Data extract:
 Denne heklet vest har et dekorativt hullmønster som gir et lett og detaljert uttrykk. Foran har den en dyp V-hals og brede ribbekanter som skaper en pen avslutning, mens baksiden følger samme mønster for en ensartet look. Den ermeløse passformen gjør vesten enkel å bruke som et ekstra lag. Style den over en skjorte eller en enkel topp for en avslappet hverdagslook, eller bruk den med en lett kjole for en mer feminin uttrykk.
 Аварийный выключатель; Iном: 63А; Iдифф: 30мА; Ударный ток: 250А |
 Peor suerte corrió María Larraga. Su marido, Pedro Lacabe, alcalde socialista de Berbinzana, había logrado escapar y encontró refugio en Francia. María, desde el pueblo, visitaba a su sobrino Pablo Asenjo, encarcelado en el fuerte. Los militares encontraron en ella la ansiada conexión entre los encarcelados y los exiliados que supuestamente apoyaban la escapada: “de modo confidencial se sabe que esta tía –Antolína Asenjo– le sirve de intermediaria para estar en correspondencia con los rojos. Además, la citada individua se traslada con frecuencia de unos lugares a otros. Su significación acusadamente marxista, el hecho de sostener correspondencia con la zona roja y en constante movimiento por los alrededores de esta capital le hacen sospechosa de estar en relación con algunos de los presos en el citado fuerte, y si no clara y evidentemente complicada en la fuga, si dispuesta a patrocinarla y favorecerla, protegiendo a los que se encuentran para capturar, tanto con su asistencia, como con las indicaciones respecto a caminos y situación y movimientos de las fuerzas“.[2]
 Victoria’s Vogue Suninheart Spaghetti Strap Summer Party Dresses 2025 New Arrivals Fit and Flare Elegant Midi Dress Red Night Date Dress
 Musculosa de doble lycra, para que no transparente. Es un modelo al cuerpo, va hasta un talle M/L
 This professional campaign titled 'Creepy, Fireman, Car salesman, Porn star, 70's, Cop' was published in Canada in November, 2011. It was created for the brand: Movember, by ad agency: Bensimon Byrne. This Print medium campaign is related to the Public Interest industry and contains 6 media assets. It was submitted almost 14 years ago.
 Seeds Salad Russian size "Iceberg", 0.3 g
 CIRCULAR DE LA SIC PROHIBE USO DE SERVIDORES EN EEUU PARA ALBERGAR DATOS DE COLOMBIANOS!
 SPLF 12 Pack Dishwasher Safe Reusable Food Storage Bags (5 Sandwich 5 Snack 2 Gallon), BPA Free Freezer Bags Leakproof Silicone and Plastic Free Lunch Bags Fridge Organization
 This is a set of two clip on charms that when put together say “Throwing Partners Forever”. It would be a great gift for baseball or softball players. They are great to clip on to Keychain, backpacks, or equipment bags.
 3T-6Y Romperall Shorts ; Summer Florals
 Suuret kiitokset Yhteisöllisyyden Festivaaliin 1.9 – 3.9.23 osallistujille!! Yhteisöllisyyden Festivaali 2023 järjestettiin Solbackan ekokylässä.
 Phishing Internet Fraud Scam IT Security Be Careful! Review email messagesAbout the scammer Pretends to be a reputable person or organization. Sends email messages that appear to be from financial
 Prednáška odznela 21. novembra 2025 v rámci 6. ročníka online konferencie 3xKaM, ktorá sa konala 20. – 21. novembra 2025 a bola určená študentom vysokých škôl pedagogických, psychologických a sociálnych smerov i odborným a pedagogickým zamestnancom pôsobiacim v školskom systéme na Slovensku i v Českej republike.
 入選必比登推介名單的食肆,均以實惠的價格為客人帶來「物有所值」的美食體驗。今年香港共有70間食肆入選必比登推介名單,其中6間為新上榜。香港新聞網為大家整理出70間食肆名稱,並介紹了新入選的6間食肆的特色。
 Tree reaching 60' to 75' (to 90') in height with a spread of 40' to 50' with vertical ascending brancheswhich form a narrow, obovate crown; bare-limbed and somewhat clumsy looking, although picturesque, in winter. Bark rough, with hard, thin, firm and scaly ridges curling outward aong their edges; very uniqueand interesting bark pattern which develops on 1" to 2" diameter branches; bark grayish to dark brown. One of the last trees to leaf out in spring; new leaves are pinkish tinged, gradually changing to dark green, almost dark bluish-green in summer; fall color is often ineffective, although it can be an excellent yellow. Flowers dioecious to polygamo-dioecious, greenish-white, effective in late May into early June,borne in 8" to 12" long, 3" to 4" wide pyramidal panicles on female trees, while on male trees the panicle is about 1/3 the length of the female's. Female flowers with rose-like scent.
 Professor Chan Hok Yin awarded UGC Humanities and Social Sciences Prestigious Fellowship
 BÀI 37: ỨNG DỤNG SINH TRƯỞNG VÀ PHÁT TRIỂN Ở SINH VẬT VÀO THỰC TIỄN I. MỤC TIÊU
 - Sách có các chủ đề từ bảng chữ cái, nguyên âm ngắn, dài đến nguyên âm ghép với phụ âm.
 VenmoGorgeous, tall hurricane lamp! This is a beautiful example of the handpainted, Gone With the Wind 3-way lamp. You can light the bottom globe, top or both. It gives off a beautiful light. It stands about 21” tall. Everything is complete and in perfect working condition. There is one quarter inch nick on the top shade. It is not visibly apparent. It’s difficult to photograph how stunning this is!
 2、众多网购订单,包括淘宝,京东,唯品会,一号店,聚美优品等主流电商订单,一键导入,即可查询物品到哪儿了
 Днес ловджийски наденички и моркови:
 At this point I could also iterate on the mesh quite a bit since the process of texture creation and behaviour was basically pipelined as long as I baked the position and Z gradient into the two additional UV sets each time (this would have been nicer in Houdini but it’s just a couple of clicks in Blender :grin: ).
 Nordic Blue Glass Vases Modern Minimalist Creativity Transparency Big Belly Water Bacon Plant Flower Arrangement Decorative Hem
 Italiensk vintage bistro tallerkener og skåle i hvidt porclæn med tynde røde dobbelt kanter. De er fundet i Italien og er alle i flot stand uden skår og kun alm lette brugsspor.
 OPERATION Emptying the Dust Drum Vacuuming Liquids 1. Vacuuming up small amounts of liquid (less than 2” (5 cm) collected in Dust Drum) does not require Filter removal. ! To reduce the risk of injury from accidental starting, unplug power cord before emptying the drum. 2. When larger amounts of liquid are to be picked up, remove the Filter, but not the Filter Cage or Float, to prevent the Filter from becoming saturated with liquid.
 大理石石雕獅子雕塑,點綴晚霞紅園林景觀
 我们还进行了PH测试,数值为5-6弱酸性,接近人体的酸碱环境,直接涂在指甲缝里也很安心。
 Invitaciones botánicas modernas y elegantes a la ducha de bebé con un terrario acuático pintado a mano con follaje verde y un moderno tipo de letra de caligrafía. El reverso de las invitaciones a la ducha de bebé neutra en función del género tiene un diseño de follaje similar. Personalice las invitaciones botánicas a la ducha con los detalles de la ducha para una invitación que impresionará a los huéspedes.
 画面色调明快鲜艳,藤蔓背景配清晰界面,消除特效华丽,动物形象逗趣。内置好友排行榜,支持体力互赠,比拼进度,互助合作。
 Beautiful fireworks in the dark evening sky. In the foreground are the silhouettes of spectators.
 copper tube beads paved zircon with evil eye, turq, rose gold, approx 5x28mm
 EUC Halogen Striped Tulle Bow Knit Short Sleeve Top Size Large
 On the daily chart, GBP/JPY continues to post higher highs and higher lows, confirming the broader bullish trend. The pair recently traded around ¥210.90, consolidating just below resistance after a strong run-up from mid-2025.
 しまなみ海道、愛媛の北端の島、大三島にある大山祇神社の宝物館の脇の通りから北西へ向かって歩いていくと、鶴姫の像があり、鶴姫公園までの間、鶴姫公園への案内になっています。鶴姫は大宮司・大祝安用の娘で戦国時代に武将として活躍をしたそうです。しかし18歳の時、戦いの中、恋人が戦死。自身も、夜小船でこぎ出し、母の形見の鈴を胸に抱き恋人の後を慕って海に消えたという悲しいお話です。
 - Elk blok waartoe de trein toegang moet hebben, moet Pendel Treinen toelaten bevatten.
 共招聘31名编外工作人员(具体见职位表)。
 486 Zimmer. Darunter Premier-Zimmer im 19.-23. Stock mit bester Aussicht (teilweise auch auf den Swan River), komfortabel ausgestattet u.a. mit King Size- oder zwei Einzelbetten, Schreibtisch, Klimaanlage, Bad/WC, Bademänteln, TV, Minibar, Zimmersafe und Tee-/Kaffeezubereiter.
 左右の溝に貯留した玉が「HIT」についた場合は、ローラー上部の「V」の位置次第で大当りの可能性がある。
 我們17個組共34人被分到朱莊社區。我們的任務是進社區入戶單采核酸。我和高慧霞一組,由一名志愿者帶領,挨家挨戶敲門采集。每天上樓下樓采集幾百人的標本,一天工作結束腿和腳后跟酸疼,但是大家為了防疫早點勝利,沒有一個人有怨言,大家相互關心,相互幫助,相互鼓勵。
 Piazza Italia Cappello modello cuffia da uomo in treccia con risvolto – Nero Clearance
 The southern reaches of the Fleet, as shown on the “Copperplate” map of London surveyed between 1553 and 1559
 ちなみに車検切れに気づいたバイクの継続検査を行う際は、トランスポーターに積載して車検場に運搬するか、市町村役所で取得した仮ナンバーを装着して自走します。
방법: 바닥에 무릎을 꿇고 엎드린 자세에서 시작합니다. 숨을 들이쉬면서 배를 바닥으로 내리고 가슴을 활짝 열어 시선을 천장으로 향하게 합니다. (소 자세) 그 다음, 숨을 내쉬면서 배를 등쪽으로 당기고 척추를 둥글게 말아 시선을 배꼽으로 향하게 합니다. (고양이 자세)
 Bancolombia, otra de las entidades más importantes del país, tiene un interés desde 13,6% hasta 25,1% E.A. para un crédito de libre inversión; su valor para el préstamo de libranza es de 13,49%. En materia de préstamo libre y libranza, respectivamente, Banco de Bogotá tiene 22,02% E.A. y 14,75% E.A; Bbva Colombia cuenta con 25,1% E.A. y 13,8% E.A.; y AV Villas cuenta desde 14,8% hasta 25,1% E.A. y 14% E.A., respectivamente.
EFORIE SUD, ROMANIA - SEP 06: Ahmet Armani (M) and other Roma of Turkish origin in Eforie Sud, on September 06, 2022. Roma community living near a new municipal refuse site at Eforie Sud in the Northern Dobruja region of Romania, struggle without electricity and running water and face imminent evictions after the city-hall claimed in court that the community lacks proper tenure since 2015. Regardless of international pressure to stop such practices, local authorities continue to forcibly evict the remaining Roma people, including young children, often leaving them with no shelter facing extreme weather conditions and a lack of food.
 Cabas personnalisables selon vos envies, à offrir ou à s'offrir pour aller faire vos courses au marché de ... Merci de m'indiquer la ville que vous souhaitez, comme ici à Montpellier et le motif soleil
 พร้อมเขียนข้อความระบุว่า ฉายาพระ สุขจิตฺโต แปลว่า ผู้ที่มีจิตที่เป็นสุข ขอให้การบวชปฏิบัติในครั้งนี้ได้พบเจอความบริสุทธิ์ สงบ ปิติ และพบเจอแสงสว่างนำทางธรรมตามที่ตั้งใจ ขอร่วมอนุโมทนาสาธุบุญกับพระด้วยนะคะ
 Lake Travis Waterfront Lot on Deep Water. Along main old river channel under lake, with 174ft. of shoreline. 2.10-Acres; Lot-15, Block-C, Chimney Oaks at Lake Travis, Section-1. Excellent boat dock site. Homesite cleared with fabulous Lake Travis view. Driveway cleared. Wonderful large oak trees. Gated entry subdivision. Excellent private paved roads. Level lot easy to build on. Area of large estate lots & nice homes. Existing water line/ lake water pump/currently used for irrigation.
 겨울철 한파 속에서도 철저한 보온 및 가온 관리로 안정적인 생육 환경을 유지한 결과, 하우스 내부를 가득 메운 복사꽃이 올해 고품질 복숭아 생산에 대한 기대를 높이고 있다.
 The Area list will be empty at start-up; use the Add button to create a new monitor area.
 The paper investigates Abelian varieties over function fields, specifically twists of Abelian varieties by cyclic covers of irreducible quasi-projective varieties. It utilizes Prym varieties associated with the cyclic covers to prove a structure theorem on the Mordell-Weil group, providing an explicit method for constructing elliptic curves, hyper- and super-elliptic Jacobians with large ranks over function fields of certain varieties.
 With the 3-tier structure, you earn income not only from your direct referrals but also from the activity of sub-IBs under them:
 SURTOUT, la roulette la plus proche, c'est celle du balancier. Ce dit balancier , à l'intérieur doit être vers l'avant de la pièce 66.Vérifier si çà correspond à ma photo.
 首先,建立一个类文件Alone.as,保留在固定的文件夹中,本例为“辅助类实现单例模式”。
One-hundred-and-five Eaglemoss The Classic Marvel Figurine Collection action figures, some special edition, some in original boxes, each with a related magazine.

Task brief:
Would you please write out, exactly and with no other lines, the stretch of the listing above from the line containing "画面色调明快鲜艳,藤蔓背景配" through the line containing "copper tube beads"?

Finished task:
 画面色调明快鲜艳,藤蔓背景配清晰界面,消除特效华丽,动物形象逗趣。内置好友排行榜,支持体力互赠,比拼进度,互助合作。
 Beautiful fireworks in the dark evening sky. In the foreground are the silhouettes of spectators.
 copper tube beads paved zircon with evil eye, turq, rose gold, approx 5x28mm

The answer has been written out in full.